From the marketing stand of view, per hubspot “an experiment is a form of market research in which your goal is to discover new strategies for future campaigns or validate existing ones.”
Differences between a survey and an experiment
In a survey, you ask questions to a selected audience to obtain feedback about, for example, a service provided by a company. Based on the survey results, you can improve the quality of the service, discontinue the service or improve the current service. A survey is suitable when looking for feedback on a specific topic, it shows you a result from variables you cannot control.
In an experiment, you test a campaign to see which performs better. For example, you may want to test a landing page performance by changing a “call to action” for another one, so with this experiment, you may discover that the current call to action is better than the one you want to implement or maybe a different results. An experiment is good to test the validity of a hypothesis and predict what happens with one variable when you manipulate other.
Steps to perform a marketing experiment
- What is the problem? identify the problem.
- Brainstorm your ideas and focus on one idea.
- Make a hypothesis.
- Collect the data research.
- Select your KPIs or metrics.
- Execute the experiment.
- Analyze your results.
Running a Landing Page Experiment
Imagine you are a car body shop in South Florida, running a Google ads campaign targeting people who have been involved in a car accident and need car repairs. You are running your campaign, but you have experienced a decrease in conversions or people calling you to get a free quote to repair their car. You don’t know what is happening, so ask the PPC agency to help you investigate. The agency proposed to run an AB testing and make a small change in one element in the landing page that has been used in the campaign.
- What is the problem?
The first step you need to do is to identify your problem. In this case, is a decrease in conversions. What is causing the problem? the color of your call-to-action? the hero image you have on the top? page speed? mobile responsiveness?
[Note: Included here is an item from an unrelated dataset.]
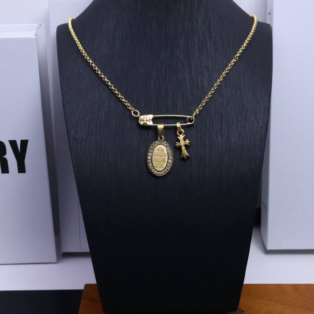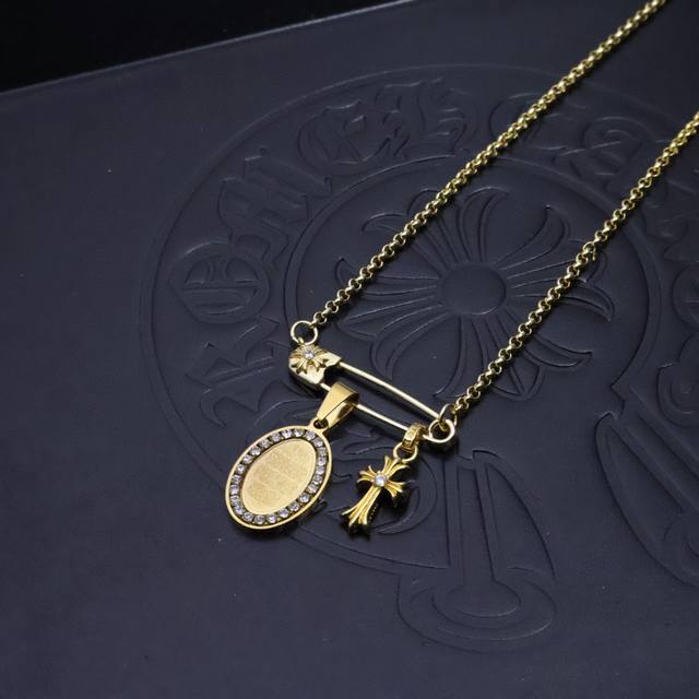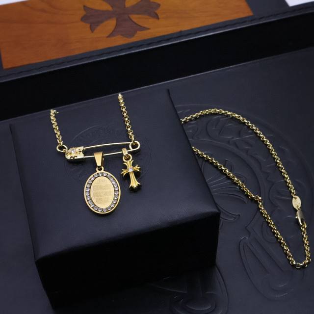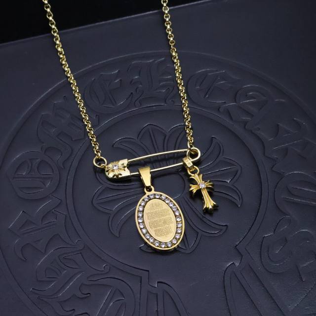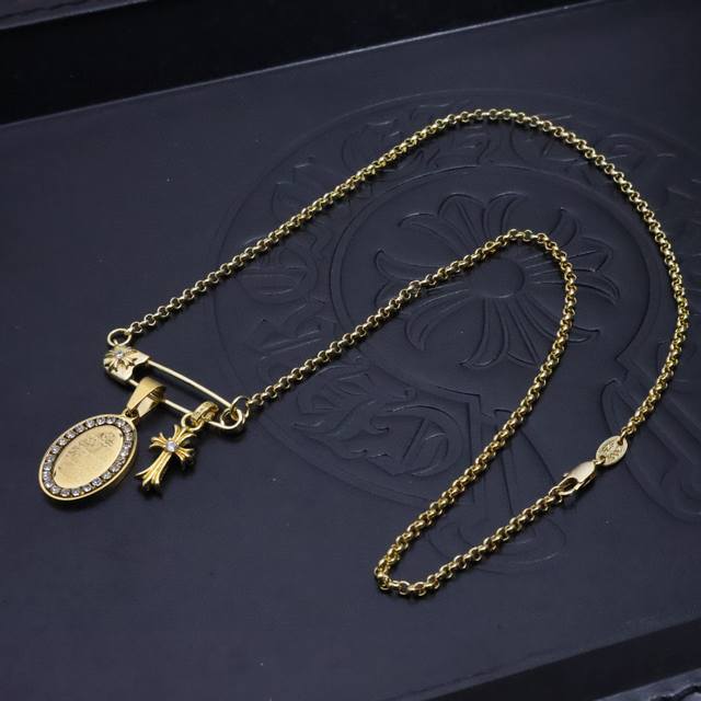 New Arrival Chrome Hearts 22K Gold Necklace. For those seeking a unique style, the Chrome Hearts 22K gold paperclip choker chain with diamond brooch and couple's bamboo chain necklace is the perfect choice. Its unique design will make you stand out in any occasion. A trendy and fashionable must-have for both men and women. Matching couple styles available. Factory direct sales.

Pick one presumed issue and start the test. - What is the proposed solution?
Once you have identified the problem, you must determine how to fix it. Remember to pick one issue to test. - What will be the result?
What do you want the outcome will be? You have to specify your KPIs. Define the results you expect to obtain by experimenting. - Write your hypothesis
Assume that you want to change the Call to Action from Call for a Free quote to Get a Free Quote Now. So the hypothesis should be like this: Changing the call to action on the landing page from “call for a free quote” to “get a free quote now” will draw more attention to consumers and increase the number of leads. - The next step will be to generate an alternative page changing only the proposed CTA, then set up the experiment in Google ads where the campaign has been running.
- KPIs. Establishing which metrics you will use to measure the results is important. For this case, the issue was a decrease in conversions, so we should establish a baseline using: cost, impressions, clicks, ctr, bounce rate, and conversions, and, after executing the experiment, compare these KPIs to see if there are any improvements or not.
- If the experiment doesn’t show a statistical difference between pages A and B, you should pick another page element, re-formulate your hypothesis, and test again. To compare results, I will suggest performing a chi-square test.
In this example experiment, our independent variable is the call to action button. This is the only change we will test. Upon the results, we will decide to change the variable for the hero image, background color, or any other variable. We can control this. The dependable variable is the conversions, which we want to improve, but we don’t have any control over this. In the case of South Florida, the extraneous variable may be a Hurricane hitting the area, people are more worried about getting supplies than repairing a car, the inflation and cost of living, etc. There are extraneous variables we cannot control but we need to observe because they can affect the results or be the cause of the decrease of conversions.
Digital marketing experiments like the one I just gave, are easy and cheap to implement and can help us to improve our campaign performance, so as I mentioned in other blog post, this is an endless AB testing process.